Sorry if anyone disagrees with me but that is how I feel about it. 

Shawn


P.S.
Royal City will be a blast this sunday!


----------



## ontario moose (Aug 8, 2003)

I can sprell Chek it...

Guillles


----------



## btmckay (Dec 7, 2003)

The rules are there on the webpage and in the rule book that you can get from the OAA. Yes there was a screw up in OAA tournament book with BHR(bow hunter release)
but the rules are out there for people to get.
Alot of people just don't want to change. One of the tournaments mentioned in this thread say they are following OAA rules and then pull out
a OAA rule book from 5-6yrs ago not a recent one.
Problem with alot of people is that they show up with their hunting equipment and then complain they have to shoot against someone with 
long stabilizers and such. But there is another class for hunting equipment and thats Hunter class.
Shakyshot the class is known as BHO/bowhunter open and then in OAA there is an actual Open that is a money class
The rules aren't that complicated if I can know them then anyone can :smile:
Brian


----------



## CaptainT (Aug 14, 2005)

shootthewhatnow said:


> just wishing that the (dis)Organizers would actually settle on what the rules are and let clubs know.


There haven't been any rule changes since last October and of the rules that have changed very few are around equipment.



shootthewhatnow said:


> It's seriously not that difficult to make a choice here as to *what the end rules are going to be* and post them on the OAA website.


You're right it's not hard to post them. That's why they are posted here. On the menu it's under Administration>Rules and Regulations. There's the entire rule book as well as a summary of the changes from last year. It also available in print from the OAA office for $35. Email [email protected] to order your copy.



shootthewhatnow said:


> If a club doesn't make the deadline to enter the schedule, post it to the website.


Changes to the shooting schedule do get updated on the website when the webmaster is told there are changes. Example: September 11 Onaping Falls/NEMI Archery is cancelled. The list of dates is here. It's found by clicking Tournaments on the menu. The policy around dates is currently on the front page of the OAA website. "New dates and changes will be reflected on the website all year round" is the last bullet.



shootthewhatnow said:


> What is it that the OAA does with 60$/year/member


You must mean $45, if you register after January 16. The OAA could do a lot with $60, but for the $45 here's what a member gets.
- AGM voting rights
- Eligibility to participate in Youth or Adult team trials (Indoor/3D/Target)
- Eligibility to shoot in the 5 championships, Grand Championship, OSG/CWG trials for youth, the Ontario Triple Crown
- 1 printed copy of the
- $5 million liability insurance
- Eligibility to be nominated for the Andrea Dopson Volunteer of the year award
- Eligibility to be nominated to the Executive or Board of Directors
- Membership in the Federation of Canadian Archers (FCA)
- Eligibility to shoot at National competitions
- Eligibility to take Judging/Coaching Clinics

Where does the OAA spend the money?
- 3 youth travel teams of 3 archers and an adult supervisor
- 3 adult teams of 2 archers (Hopefully expanding next year)
- 10 Sponsored Targets at the 3D championship
- Promotional items like a booth at OFSSA and the Toronto Sportsmen Show
- Administrative things like meetings 
- 1 Administrative Contract for answering emails/phones/attending meeting with the government and other organizations
- FCA memberships
- Awards for the championships
- 1/3 of Plaques for the Triple Crown

I'm sure there's stuff I'm missing...Is that satisfactory?



shootthewhatnow said:


> For the cost it takes to hire someone part time to keep that webpage up to date, and add things as needed... well... I'd say it's not out of reach for the membership fee. That would mean that more clubs get listed shoots, even if they don't make the deadline, or if they decide in mid year to host an extra shoot for us (wonderful from them, as this is the best thing that a club can offer to the public, and it makes them a buncha money).
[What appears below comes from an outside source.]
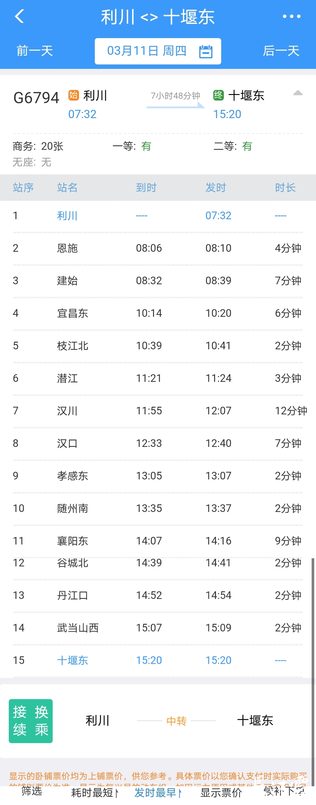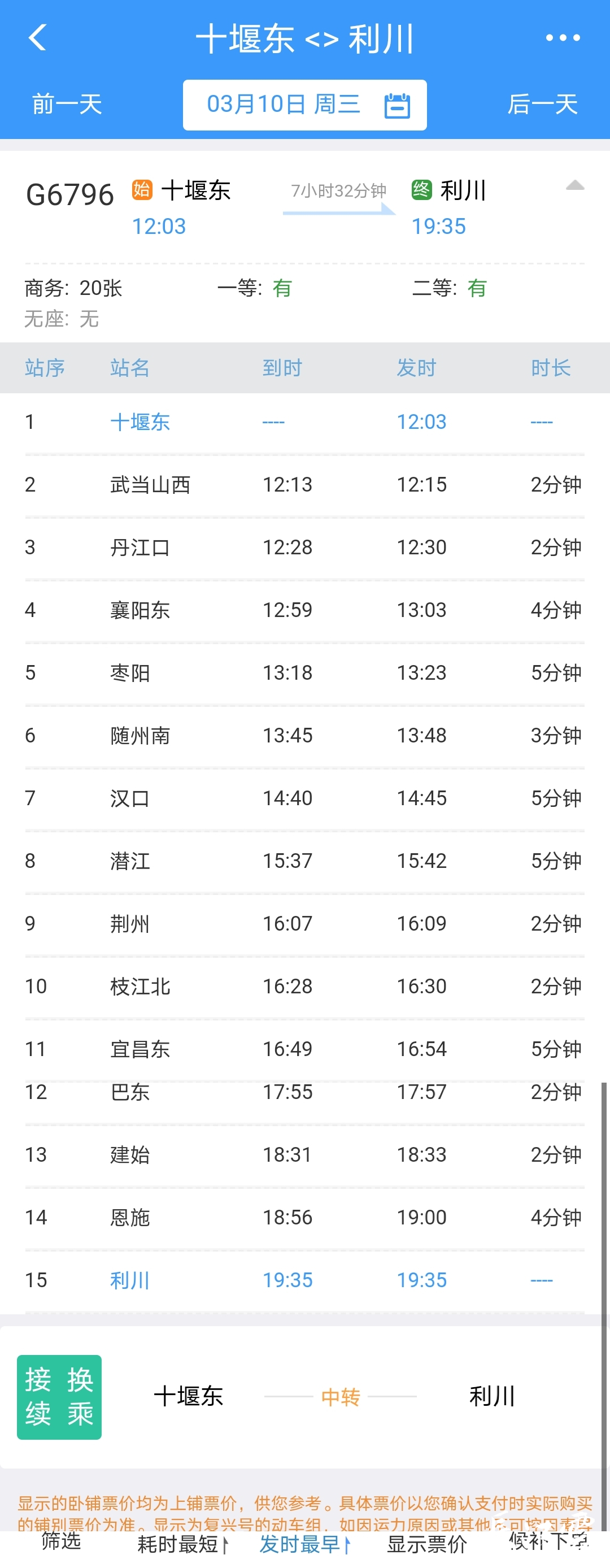 十堰东至利川G6796次,十堰东站12:03始发,沿途停靠武当山西、丹江口、襄阳东、随州南、汉口、潜江、荆州、枝江北、宜昌东、巴东、建始、恩施等站,19:35终到利川。

As true as that is, if the information never makes it to the person taking care of the website how is it to get updated? Right now when a club says we're hosting an extra shoot or a shoot is cancelled it gets added, but if the information never makes it to us it doesn't get added. ArcheryTalk is not a valid method of getting the information in. Send an email to [email protected]


----------



## CaptainT (Aug 14, 2005)

Baldini said:


> Not to confuse the issue even more, but the OAA rules only apply to OAA Championship events, Mail Matches and the Tripple Crown. Club shoots can and often do have their own rules that may or may not follow OAA rules (and FCA rules, by default). For example, if you were to shoot MBR at 3D Provincials or Nationals you could use a long stabilizer, BHU at Target Provincials or Nationals and you'd have to shoot a short stabilizer, and MBR at Running Bear in North Bay means short stabilizer. Clubs can and will continue to do what they want. Your best bet is to set up the euipment you like to shoot and then shoot it in whatever category applies when you get there. If the pin is really that important, I'm pretty sure that the clubs would sell them for a couple bucks.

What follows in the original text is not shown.